VIENNA, (Reuters) – The head of the U.N. nuclear watchdog said on Friday he and Iran’s chief negotiator had agreed to draw up a “plan of action” within two months on how to resolve questions about Iran’s disputed nuclear program.
International Atomic Energy Agency Director Mohamed ElBaradei described the two-hour meeting with Ali Larijani as “quite satisfying.” “I hope we should be in a position in the next weeks to move forward and break the stalemate where we have been in for the last few months,” ElBaradei told reporters. He said they were drawing up “a plan of action which I hope we should be able to conclude within two months” and then start implementing.
Larijani also spoke of “good progress,” but they reported no breakthrough in the core dispute — Iran’s defiance of U.N. demands to stop uranium enrichment.
Diplomats say that about a year ago, Iran agreed with the IAEA to come up with a plan for resolving outstanding issues within three weeks, but never followed through.
Larijani is due to meet EU foreign policy chief Javier Solana in Lisbon on Saturday, seen as the last chance to overcome a stand-off over Tehran’s nuclear defiance before world powers start drafting tougher sanctions against it.
Solana has been exploring a face-saving way to allow the Islamic Republic to stop enriching uranium. “I believe our talks with Mr. ElBaradei today will be quite helpful with the process that Mr. Solana is working on to reach an understanding and a solution,” Larijani said after the meeting.
The United States, Britain, Russia, France, Germany and China are discussing a third round of penalties against Iran over concerns it is secretly trying to build atomic bombs.
Ratcheting up the pressure on the Islamic state, a British draft for a new U.N. sanctions resolution proposed that Iran’s airlines and ships could be denied landing and transit rights and two or more of its banks could have their assets frozen.
Britain also suggested banning new arms contracts with Iran, barring senior Iranian security officials from air travel and halting work by Russia on Iran’s nuclear power reactor at Bushehr, according to the draft, obtained by Reuters. “Even if the U.N. threatens Iran with more sanctions, the country will not stop its uranium enrichment activities,” Larijani said, according to Iran’s official news agency, IRNA.
Iran has refused U.N. demands to halt enrichment, which yields fuel for power plants but can also be used for weapons if the uranium is refined to a much higher degree.
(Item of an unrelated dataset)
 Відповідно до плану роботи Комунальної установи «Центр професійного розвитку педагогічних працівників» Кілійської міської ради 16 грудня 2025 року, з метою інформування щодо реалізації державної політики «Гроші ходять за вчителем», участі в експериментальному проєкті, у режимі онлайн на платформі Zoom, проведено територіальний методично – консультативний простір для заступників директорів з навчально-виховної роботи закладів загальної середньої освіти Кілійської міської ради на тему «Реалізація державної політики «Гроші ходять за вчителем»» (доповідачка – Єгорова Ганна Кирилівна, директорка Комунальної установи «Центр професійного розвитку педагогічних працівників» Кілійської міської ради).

Tehran says its goal is the peaceful electricity generation.
The latest meetings come amid IAEA concern about increasing Iranian restrictions on access for agency inspectors, imposed in retaliation for existing sanctions.
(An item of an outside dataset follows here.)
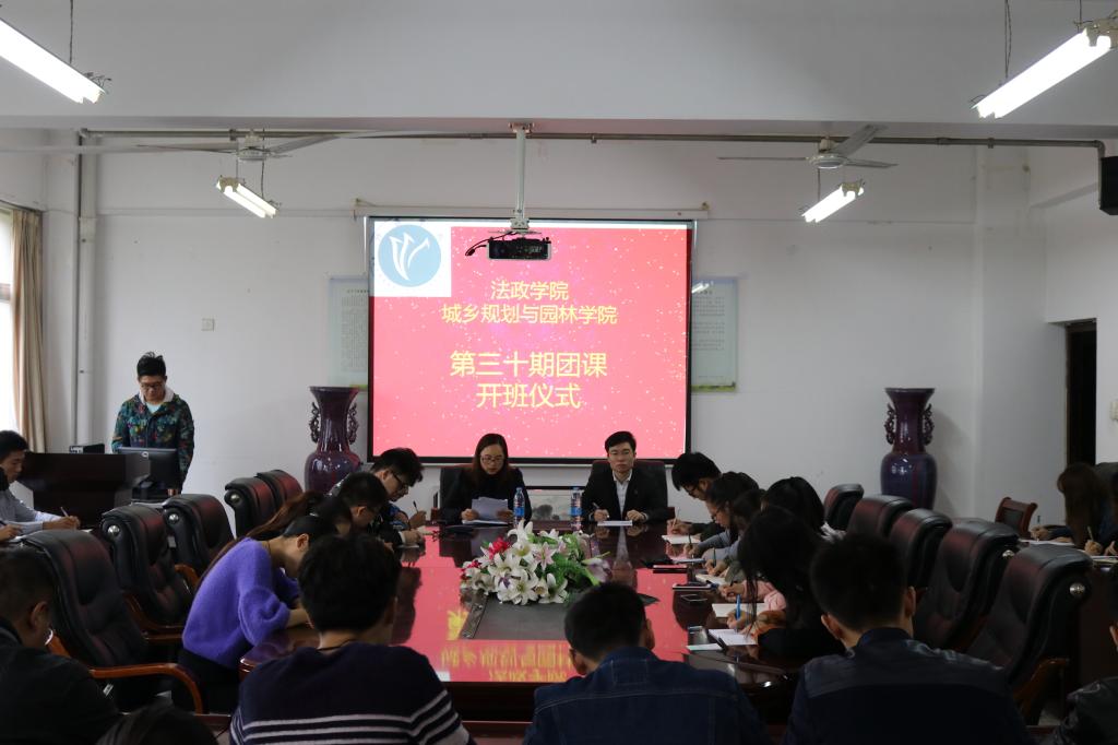 为进一步加强团员的政治思想观念,充分发挥团组织教育青年的功能,进一步加大对团员青年、 团学干部的培养教育力度,增强团员对团组织的深刻认识。2017年10月14日上午9时,我院和城乡规划与园林学院在城规楼二楼会议室联合举办“第三十期团课开班仪式”。我院团总支负责人孙晨赫与城乡规划与园林学院团总支书记赵学琴以及全体团校成员参加了此次开班仪式。

Since February, Iran has rapidly expanded a centrifuge operation at its Natanz enrichment complex in a bid for “industrial-scale” fuel production.
ElBaradei has urged Iran to answer IAEA questions about its program, including suspected military links, and to reconsider a decision to stop providing advance design information about planned nuclear installations to the agency.
Tehran has insisted the U.N. Security Council must first return authority over its file to the Vienna-based IAEA, which would end sanctions pressure — a nonstarter for Western powers.
Instead of freezing all enrichment-related activity, as the Security Council has demanded, Iran has accelerated the program and says it has passed the point of no return. “When the world saw that the (Iranian) nation is pursuing this goal with unity, the world surrendered,” Iranian Interior Minister Mostafa Pourmohammadi was quoted by ISNA news agency as saying. “We have passed the dangerous moment.”
The Security Council has already imposed two rounds of limited sanctions on Iran over its refusal to stop enrichment.
Iran has about 2,000 centrifuges installed as of early June, most of them enriching uranium, and is likely to reach the 3,000 threshold by the end of July, diplomats have said.
Three thousand could produce material for one bomb within a year if run nonstop at supersonic speed. Iran has yet to demonstrate such capability and probably remains a few years away from being able to build a bomb, analysts say.